I went back about 8 or so pages of threads just to make sure I dont repeat this question, but if I missed it please dont fireball me :)

There was a method of generating characters where every stat starts at 10 and you can increase scores from a bank of points. My question is, how exactly does it work? I forget how it was explained to me and I couldnt find it in the SRD. My recollection is:

11-13: 1 point from the bank per point score raised
14-15: 2 points from the bank per point score raised
16-17: 3 points from the bank per point score raised
18: 4 points from the bank per point score raised

In other words, to raise a score from 10 to 18 costs 3 to get it to 13 plus 4 to get it to 15 plus 6 to get it to 17 plus 4 to get it to 18 for a total of 17 points.

Also, I was told that you start off with 28 points to distribute, but I've also used 32 when generating a character. Is there a prescribed number in the rules, or is 28 simply a "good rule of thumb" and you can tweak the points to make the characters more/less powerful at the outset?

Any replies apprecaited.
 

log in or register to remove this ad

You're talking about the Point Buy Method of generation. :)

Each stat starts at 8, not 10.

Thereafter, it costs 1 point per increase to get your stat up to 14.

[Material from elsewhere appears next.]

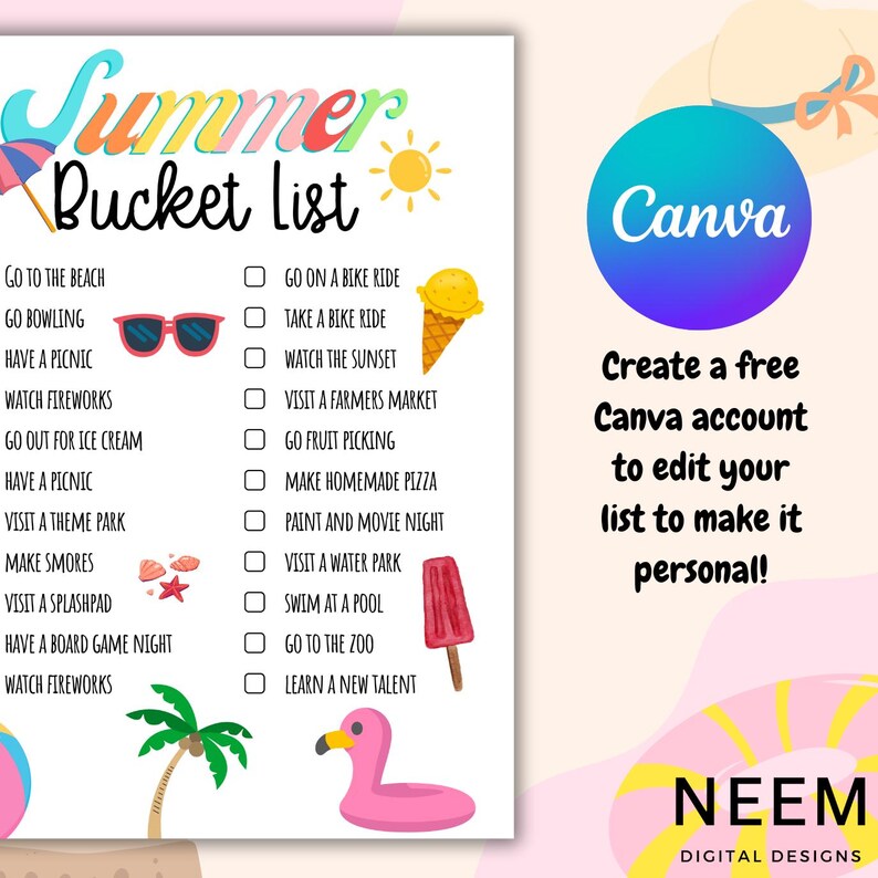 Instant Download Summer Bucket List Templates Editable in Canva 40

It is then 2 points per increase to get your stat up to 16.

Lastly, it is 3 points per increase to get your stat up to 18.

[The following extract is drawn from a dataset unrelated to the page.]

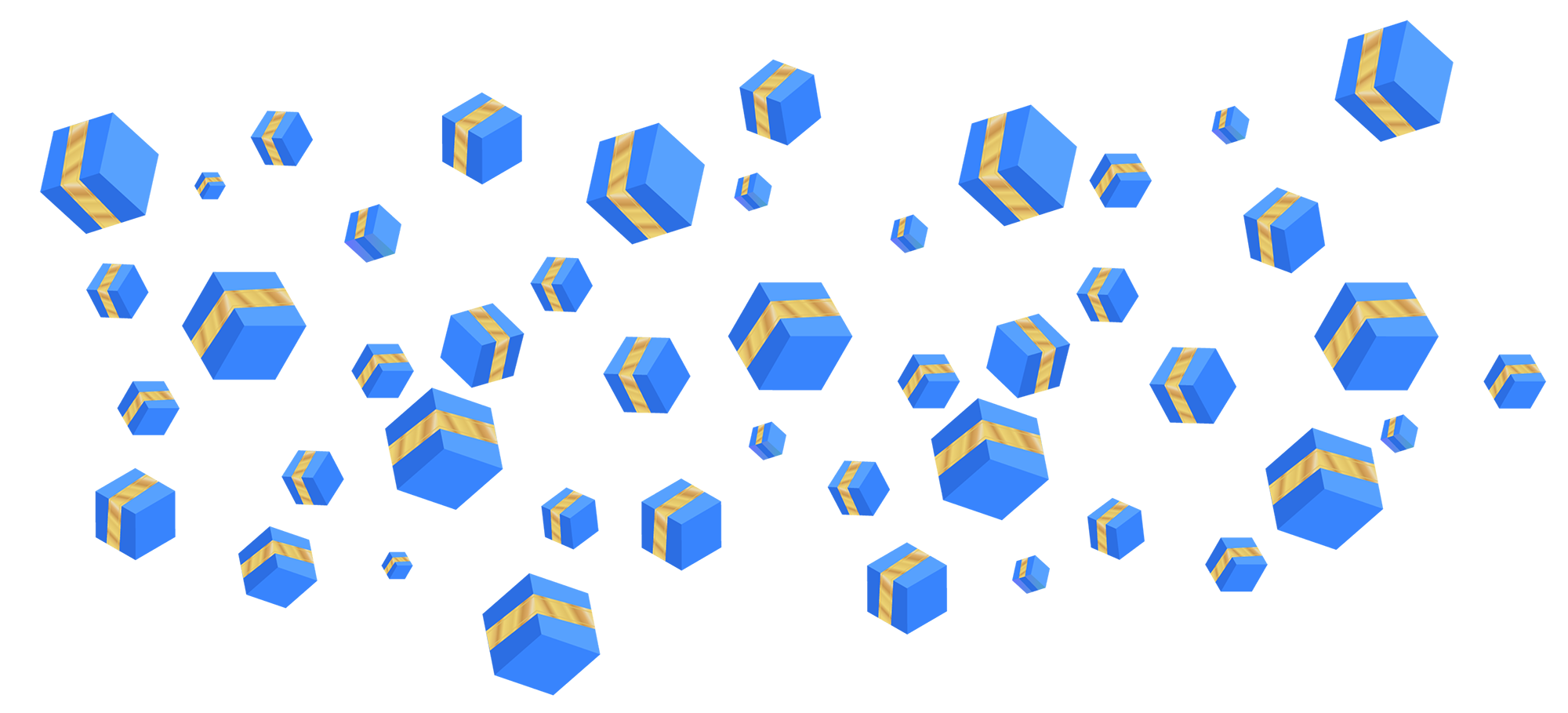 The answer is: Our logo turned into a blue gift box, filled in with a good deed!

Finally, apply your Racial ability score modifiers.

So, a 14 costs 6 points. A 16 costs 10 points (6 to get to 14, 4 more to get to 16).

The number of points you start with can vary, anywhere from 25 (really, really low, in my book) to 32 or even more.

The DMG suggests 25 points for a "Low-power Campaign," 28 for a "Mid-range Campaign," and 32 for a "High-power Campaign."
 

It's called point buy. It's in the DMG, but not in the SRD, because character generation is excluded.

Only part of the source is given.